The fact is, so far as the war *itself* goes, almost no paper in the US gives much coverage to it. You read that a battle or offensive is taking place here or there but you don't get much more information about it than that, really. It took The Economist, weeks after the fact, to describe the actual combat in Fallujah, for instance. Not whether it was justified or whether the war is justified or any of those issues. I'm just talking the basis blow by blow.

Which coverage would actually, if provided, allow people a much more educated view of the war *on which* to base their judgment. If it was provided. But normally, it simply isn't. That's been one of the more bizarre aspects of the war, actually, to me, esp considering that it's very likely the most crowded war in history, journalist-wise.

The truth in almost every circumstance, however, at least since WW2, has been that "national security" is a browbeating weapon used for domestic political reasons much more than anything actually having anything to do with national security as such.

Let's look at El Salvador, an example where there's some historical distance so less to defend. What exact damage to national security would there be to reporting that the US was very busily and very directly paying death squads to murder people for their political views by the tens of thousands? Yet, such reporting was more than once called a national security threat. Most papers, the Times included, more or less went along with the program, however. You could read between the lines if you had the necessary historical knowledge of the various players, including very much the journalists, by the way, but if you didn't, you couldn't. They'd report forever about death squads but only very rarely and never directly about the direct connection between them and the Reagan administration. I was there to witness these things for myself and I can tell you frankly that the Times and most other American papers held their punches much more often than not. Weirdly, perhaps, given the demographics of the place, a lot of the best reporting got done by the Miami press (in short, "lesser" papers that were not nationally available papers at the time -- something since changed, thankfully, by the internet).

What is politically embarassing to the point of the state not wanting the people to have knowledge, however, is not a national security issue.

And secret, massive violations of the Constitution *is* a national security issue, though not in the way the state uses the words.

A free press is *supposed to* harass and embarass the state, particularly where people's rights and blood are concerned.

Politicians of course, particularly those in charge, object to embarassment for obvious reasons but that can be avoided much more easily, not to say democratically, by not behaving secretly in ways that would be embarassing or angering to the people. They rarely seem to understand that little clue, however, and all parties are the same so far as that goes, once in power. The dims convenienty have forgotten Clinton's lying, for example. Take the case of his ordering a cruise missile strike in Sudan on a "nerve gas manufacturing facility." It was exposed in the press, repeatedly, that in fact it was a medicine factory, the only one in the country. Clinton and his underlings lied and denied for a couple of years before they finally fessed up about it.
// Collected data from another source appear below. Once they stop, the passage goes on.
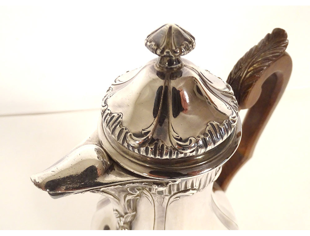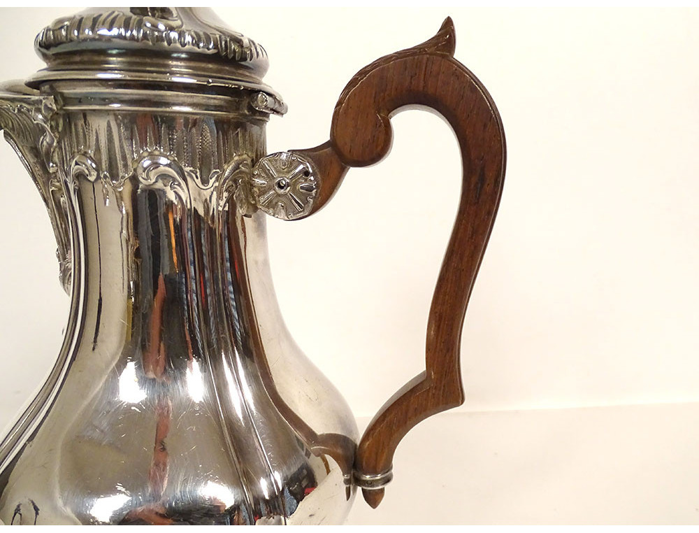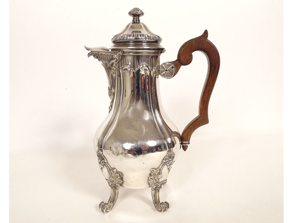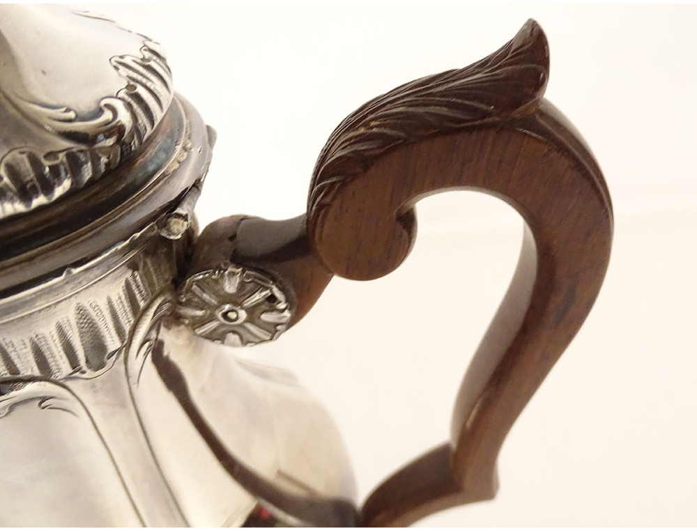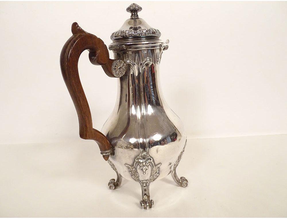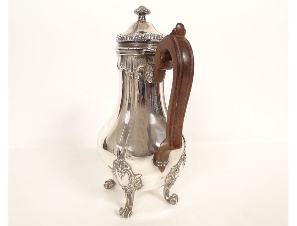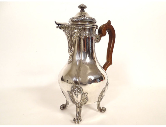 Louis XV style coffee pot - coffee pot in finely chiseled solid silver, with rocaille decoration of stylized foliage, tripod base with stylized shells applied, Minerva hallmark and L. Lapar* silversmith, wooden handle (rosewood), late 19th century.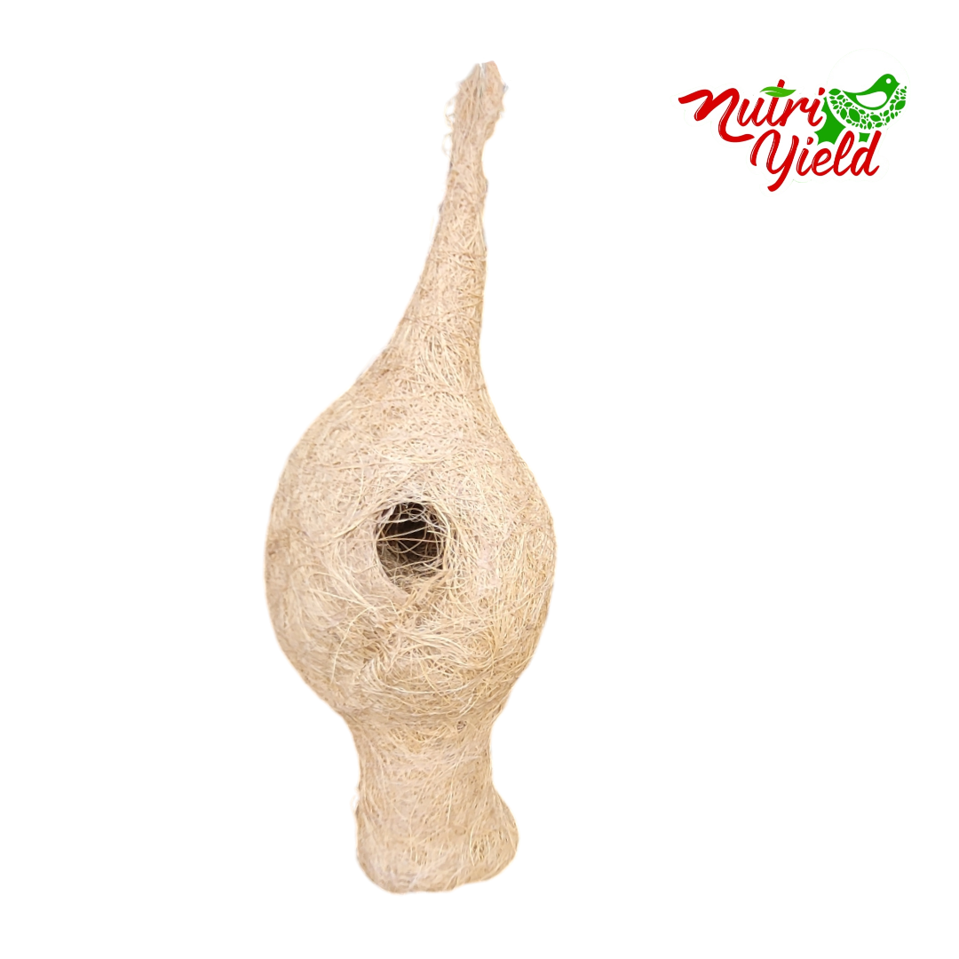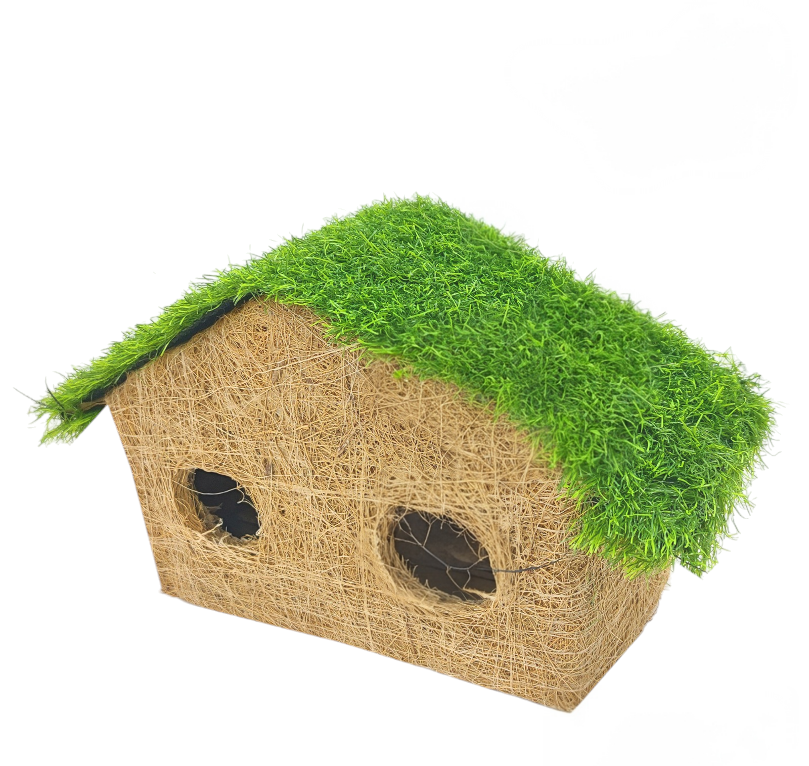 Natural coconut fiber birdhouse with artificial grass roof – ideal for small birds and eco-conscious garden decor.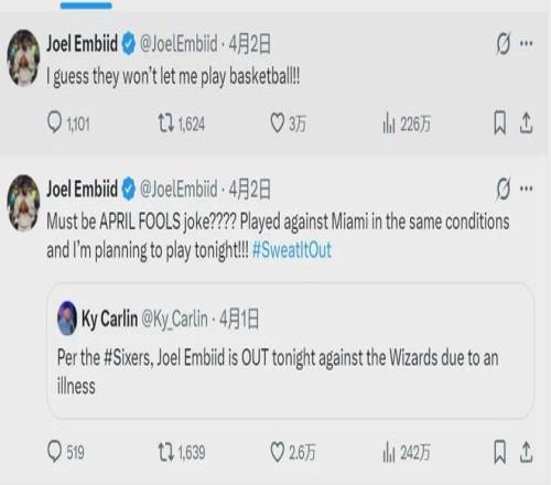 恩比德現(xiàn)在跟76人管理層矛盾重重,上賽季他想離隊治療膝傷,但球隊不允許,恩比德直接找76人老板告狀。今年4月2日,76人對陣奇才,賽前76人宣布恩比德因病缺陣。恩比德炮轟球隊:“他們就是不想讓我打球!我今晚要上場!”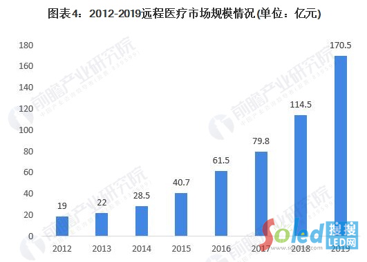 2019年,我國(guó)遠(yuǎn)程醫(yī)療(包括遠(yuǎn)程患者監(jiān)測(cè)、視頻會(huì)議、在線(xiàn)咨詢(xún)、個(gè)人醫(yī)療護(hù)理裝置、無(wú)線(xiàn)訪(fǎng)問(wèn)電子病例和處方等)行業(yè)市場(chǎng)規(guī)模進(jìn)一步增長(zhǎng)至170.5億元。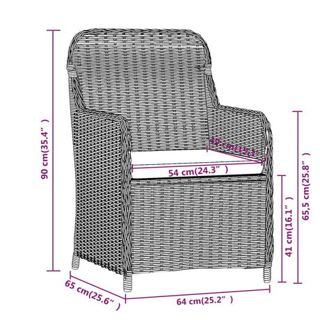 3 Piece Garden Dining Set with Cushions Brown and Black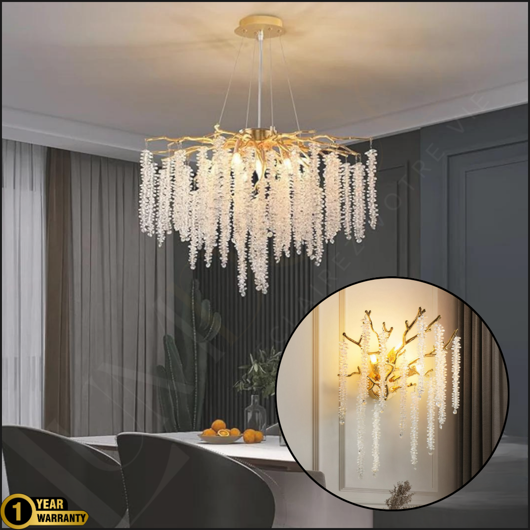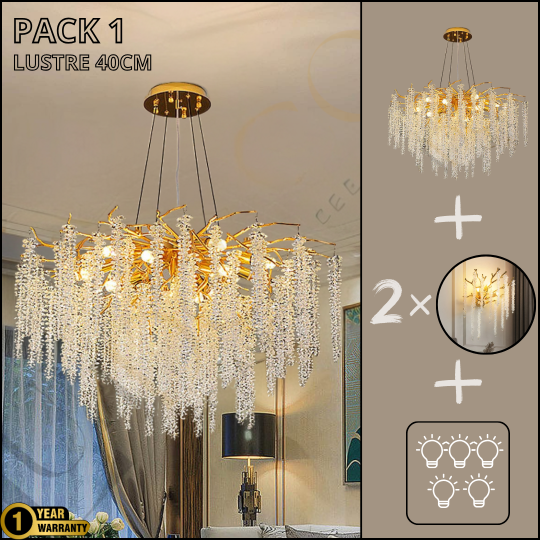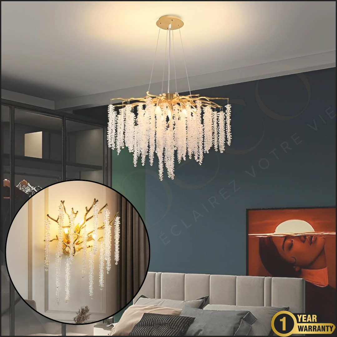 Offrez à votre intérieur un éclairage prestigieux avec ce pack exclusif ATELINA ROND + 2 Appliques assorties. Conçu pour créer une atmosphère chaleureuse et raffinée, ce pack combine le charme d’un lustre luxueux et la finesse des appliques murales.

Of course, by then it was buried-in-the-back-pages news so most missed the admittance when they finally had no choice but to fess up. They had had all kinds of absurd stories about CIA agents sneaking up and taking soil samples for analysis and all sorts of happy horseshit but it was all made up nonsense used as rationale after the fact when their behavior had been exposed.
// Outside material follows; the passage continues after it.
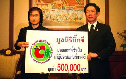 น.ส. รัมภา คำหอมรื่น (ซ้าย) รองประธานฝ่ายการเงินและการบัญชี บริษัท บิ๊กซี ซูเปอร์เซ็นเตอร์ จำกัด (มหาชน) เป็นตัวแทนบิ๊กซี ซูเปอร์เซ็นเตอร์มอบสิ่งของเครื่องใช้ที่จำเป็นช่วยผู้ประสบภัยคลื่นยักษ์ สึนามิที่ภาคใต้ เช่น เสื้อผ้าทั้งเด็กและผู้ใหญ่ รองเท้า ยาสีฟัน แปรงสีฟัน ผ้าเช็ดตัว และเครื่องใช้จำเป็นอื่นๆ อีกมากมายเป็นมูลค่า 500,000 บาท โดย ดร. รองพล เจริญพันธุ์ ปลัดสำนักนายกรัฐมนตรี เป็นผู้รับมอบที่ทำเนียบรัฐบาล เมื่อเร็วๆ นี้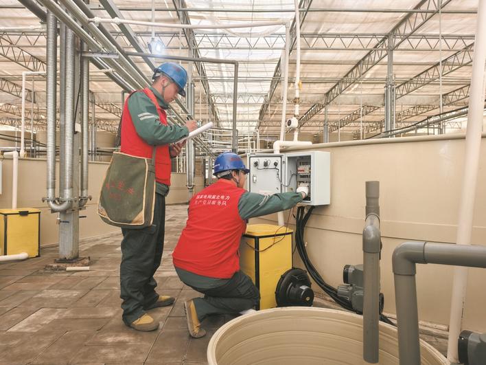 4月1日,河北汇中新健农业发展有限公司海马养殖基地内,承德供电公司工作人员正在检查用电设备。孙婷婷 摄

Whether the war is supported or not by the population, journalism's job is to expose government lies and brutality. Too bad who doesn't like it. And the 1st Amendment is intended to protect speech, especially speech that angers the state or majority opinion. Speech that doesn't has no need for protection. The concept would be absurd.

The Pentagon Papers is the classic example, of course. They are readily available for next to nothing in used bookstores if people haven't actually read them for themselves. I challenge anyone to find anything in them that threatens the security of the US in any way, shape or form, now or then. How would it have threatened national security to report what was well known to all in Vietnam -- that the US had encouraged and cooperated with political assassination and coups d'etat? Embarassing, certainly, given the high-falootin' rhetoric and inflated self-image of many Americans. National security threat? None. None at all. And that was by far the most embarassing thing in the Pentagon Papers.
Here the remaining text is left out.